Your copy should repeat the data that follows exactly and contain no image.

*GIVEN DATA:*
------------------------
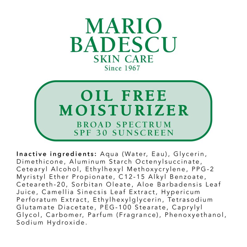 Mario Badescu Oil Free Moisturizer with Broad Spectrum SPF 30 Face Sunscreen for Combination, Oily & Sensitive Skin, Lightweight and Non-Greasy Formula with Green Tea & Aloe Vera, 2 Fl Oz
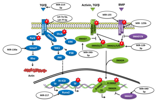 2.2. MiRNAs Involved in BMSCs Regulation through the TGF-β/BMP Pathway
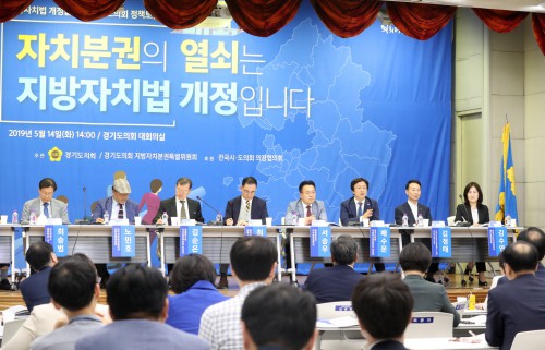 °æ±âµµÀÇȸ¿¡¼ 14ÀÏ ¿¸° 'Áö¹æÀÚÄ¡¹ý °³Á¤À» À§ÇÑ °æ±âµµÀÇȸ Á¤Ã¥Åä·Ðȸ'¿¡ Âü¼®ÇÑ ±¤¿ªÀÇ¿ø°ú ±¹È¸ÀÇ¿øµéÀÌ Áö¹æÀÇȸÀÇ Àü¹®¼º ¹× ÀÚÀ²¼º °È¸¦ À§ÇØ ‘Áö¹æÀÚÄ¡¹ý ÀüºÎ°³Á¤¾È’ÀÌ ±¹È¸¿¡¼ Á¶¼ÓÈ÷ Åë°úµÅ¾ß ÇÑ´Ù°í ÀÔÀ» ¸ð¾Ò´Ù.
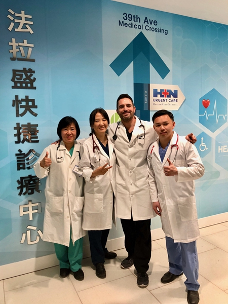 Zhang Jin (second left) with her colleagues at the HealthNeed Medical Urgent Care in Flushing, New York.[Photo provided to China Daily] |
------------------------
*EXERCISE RESULT:*
 Mario Badescu Oil Free Moisturizer with Broad Spectrum SPF 30 Face Sunscreen for Combination, Oily & Sensitive Skin, Lightweight and Non-Greasy Formula with Green Tea & Aloe Vera, 2 Fl Oz
 2.2. MiRNAs Involved in BMSCs Regulation through the TGF-β/BMP Pathway
 °æ±âµµÀÇȸ¿¡¼ 14ÀÏ ¿¸° 'Áö¹æÀÚÄ¡¹ý °³Á¤À» À§ÇÑ °æ±âµµÀÇȸ Á¤Ã¥Åä·Ðȸ'¿¡ Âü¼®ÇÑ ±¤¿ªÀÇ¿ø°ú ±¹È¸ÀÇ¿øµéÀÌ Áö¹æÀÇȸÀÇ Àü¹®¼º ¹× ÀÚÀ²¼º °È¸¦ À§ÇØ ‘Áö¹æÀÚÄ¡¹ý ÀüºÎ°³Á¤¾È’ÀÌ ±¹È¸¿¡¼ Á¶¼ÓÈ÷ Åë°úµÅ¾ß ÇÑ´Ù°í ÀÔÀ» ¸ð¾Ò´Ù.
 Zhang Jin (second left) with her colleagues at the HealthNeed Medical Urgent Care in Flushing, New York.[Photo provided to China Daily] |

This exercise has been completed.